▶ [Exercise directions] Set down each record that follows exactly. Drop the images.

▶ [Data records]
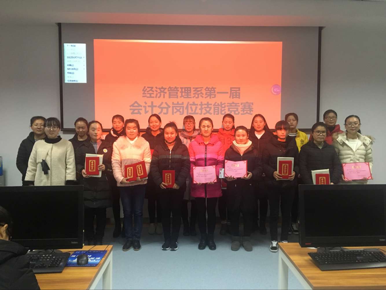 經(jīng)過三個小時的激烈角逐,16級會計大專1班獲得團體一等獎,16級會計大專2班和4班獲得團體二等獎;滿曉紅等4名同學(xué)獲得個人一等獎,苗文嘯等6名同學(xué)獲得個人二等獎,王靜等10名同學(xué)獲得個人三等獎。
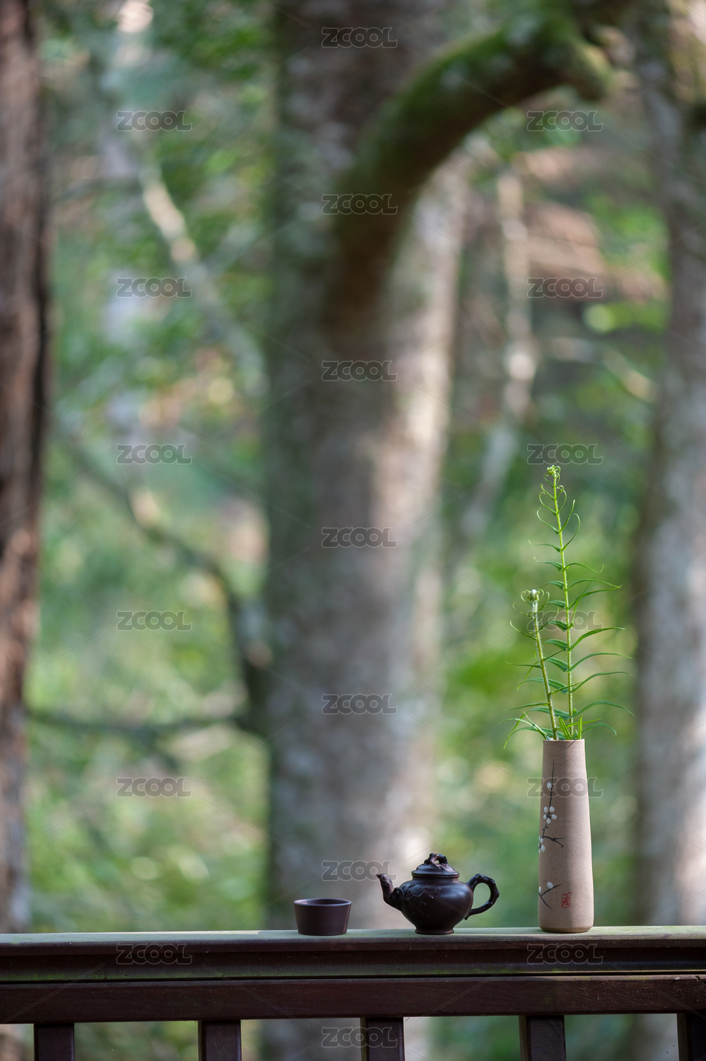 森林背景前的台面上放置的紫砂茶具和花瓶
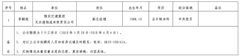 雅安交建集團(tuán)子公司擬聘用人員公示(無水港物流公司)
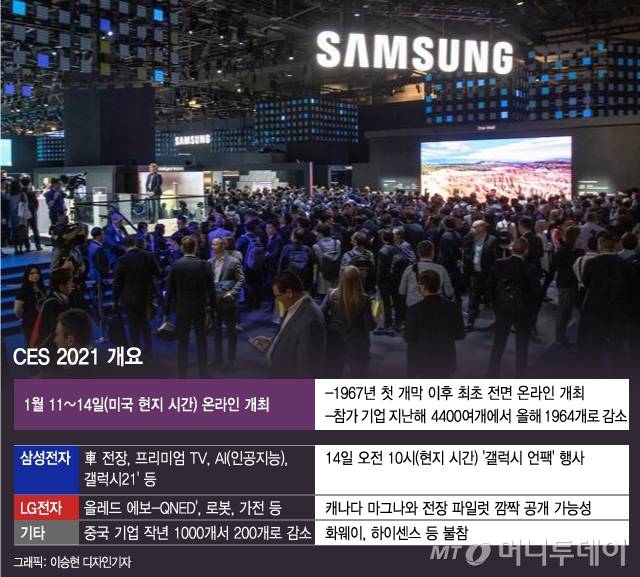 세계 최대 IT(정보·기술)·가전 전시회 'CES(Consumer Electronics Show) 2021'이 11~14일(현지시간) 열린다. 매년 1월 미국 라스베이거스에서 열리는 CES는 글로벌 IT·가전업계의 최신 제품과 서비스를 한 눈에 확인하는 행사로 자리매김했다.
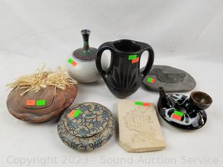 213 Lots including; Concrete Bench, Outdoor Shed, Wine Racks, Kitchen Island Carts, Tufted Faux Leather Sofa, Rattan Patio Chair Set, Vtg. Insulators, DVD Movies, Native (Artwork, Kachina Dolls, Woven baskets, Decor), Assorted Tools, Crafting Supplies, Dollhouses, Dollhouse Miniatures, KitchenAid Countertop Mixer, US Coins, Breyer Horses, Sewing Supplies, Lawn & Garden Tools, Fine China & More!!!

▶ [Your response]
 經(jīng)過三個小時的激烈角逐,16級會計大專1班獲得團體一等獎,16級會計大專2班和4班獲得團體二等獎;滿曉紅等4名同學(xué)獲得個人一等獎,苗文嘯等6名同學(xué)獲得個人二等獎,王靜等10名同學(xué)獲得個人三等獎。
 森林背景前的台面上放置的紫砂茶具和花瓶
 雅安交建集團(tuán)子公司擬聘用人員公示(無水港物流公司)
 세계 최대 IT(정보·기술)·가전 전시회 'CES(Consumer Electronics Show) 2021'이 11~14일(현지시간) 열린다. 매년 1월 미국 라스베이거스에서 열리는 CES는 글로벌 IT·가전업계의 최신 제품과 서비스를 한 눈에 확인하는 행사로 자리매김했다.
 213 Lots including; Concrete Bench, Outdoor Shed, Wine Racks, Kitchen Island Carts, Tufted Faux Leather Sofa, Rattan Patio Chair Set, Vtg. Insulators, DVD Movies, Native (Artwork, Kachina Dolls, Woven baskets, Decor), Assorted Tools, Crafting Supplies, Dollhouses, Dollhouse Miniatures, KitchenAid Countertop Mixer, US Coins, Breyer Horses, Sewing Supplies, Lawn & Garden Tools, Fine China & More!!!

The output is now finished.